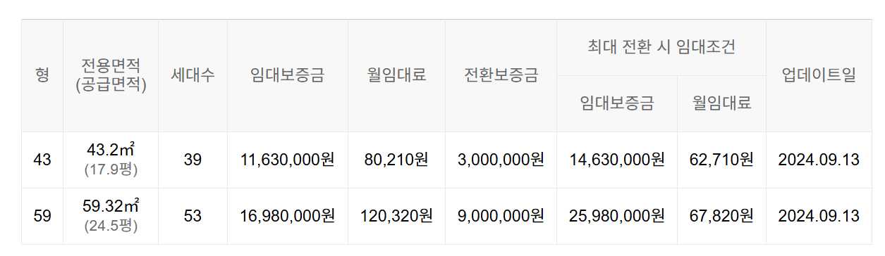 임대보증금 및 월 임대료는 입주자 모집공고일 기준이며, 보증금 최대 전환 시 변동될 수 있습니다.
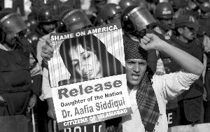 美國(guó)一家聯(lián)邦法院今年2月認(rèn)定西迪基奪槍射擊罪名成立,在巴基斯坦引發(fā)爭(zhēng)議。一些巴基斯坦人認(rèn)為,西迪基無(wú)辜清白,在阿富汗和美國(guó)關(guān)押期間受到虐待。
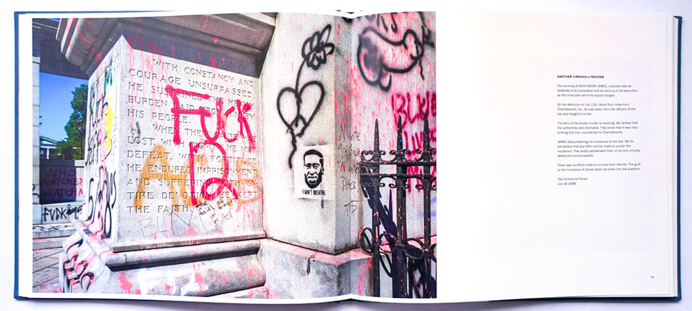 Known for his large format studies of lower Manhattan and Donald Trump’s negative impact on the once quaint Atlantic City, Rose responded to the 2020 death of George Floyd and the ensuing protests by packing up his gear in the pandemic afflicted summer and heading to back Richmond, to confront the legacy of his childhood home. There he documented the ways in which the righteously angry expressed centuries of pent-up rage by defacing massive bronze statues of those who profited from the slave trade. With language as colorful as the spray paint, Rose wisely includes detailed shots as well as wide angle vistas to help the viewer experience the degree of outrage felt about the death of not just one African American man, but the thousands who were also beaten and murdered in the name of racism and commerce.
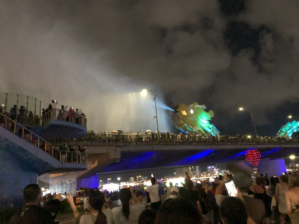 ドラゴンブリッジが近く歩いていける距離なので、ドラゴンブリッジの火と水のショーに興味があったら夕食をラオダイにすると便利と思う。自分たちは金曜日の夜に行って、歩いてドラゴンブリッジに向かいました(龍の頭が橋の向こう側じゃなくてよかった)
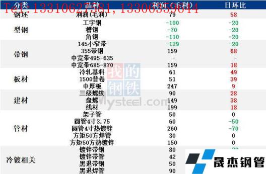 表:6月8日唐山鋼市主要品種利潤(rùn)一覽(單位:元/噸)
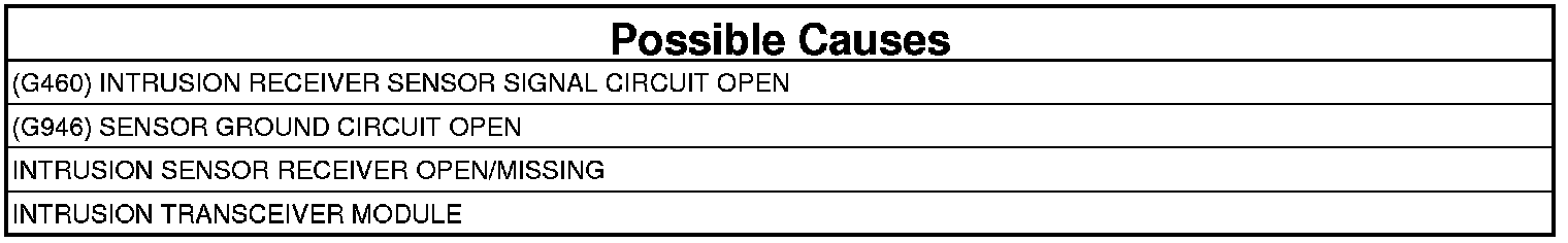 - Repair the (G460) Intrusion Receiver Sensor Signal circuit for an open.
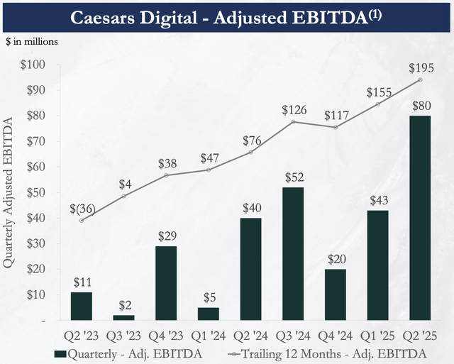 Most importantly, the company's digital business is exploding to the upside at the moment. In the second quarter, it had its biggest quarter ever by far, earning $80 million of adjusted EBITDA, and the management noted that they expect their digital business to earn $500+ million of adjusted EBITDA in 2026! That's up from $195 million over the trailing 12 months. Here is what their CEO said:

◆ ◆ ◆ ◆

→ **What you will do**
Each line from the one holding "表:6月8日唐山鋼市主要品種利潤(rùn)一覽(單位:元/噸)" to the end of the records above must be copied exactly; the pictures must not be copied.

→ **Solution to this exercise**
 表:6月8日唐山鋼市主要品種利潤(rùn)一覽(單位:元/噸)
 - Repair the (G460) Intrusion Receiver Sensor Signal circuit for an open.
 Most importantly, the company's digital business is exploding to the upside at the moment. In the second quarter, it had its biggest quarter ever by far, earning $80 million of adjusted EBITDA, and the management noted that they expect their digital business to earn $500+ million of adjusted EBITDA in 2026! That's up from $195 million over the trailing 12 months. Here is what their CEO said:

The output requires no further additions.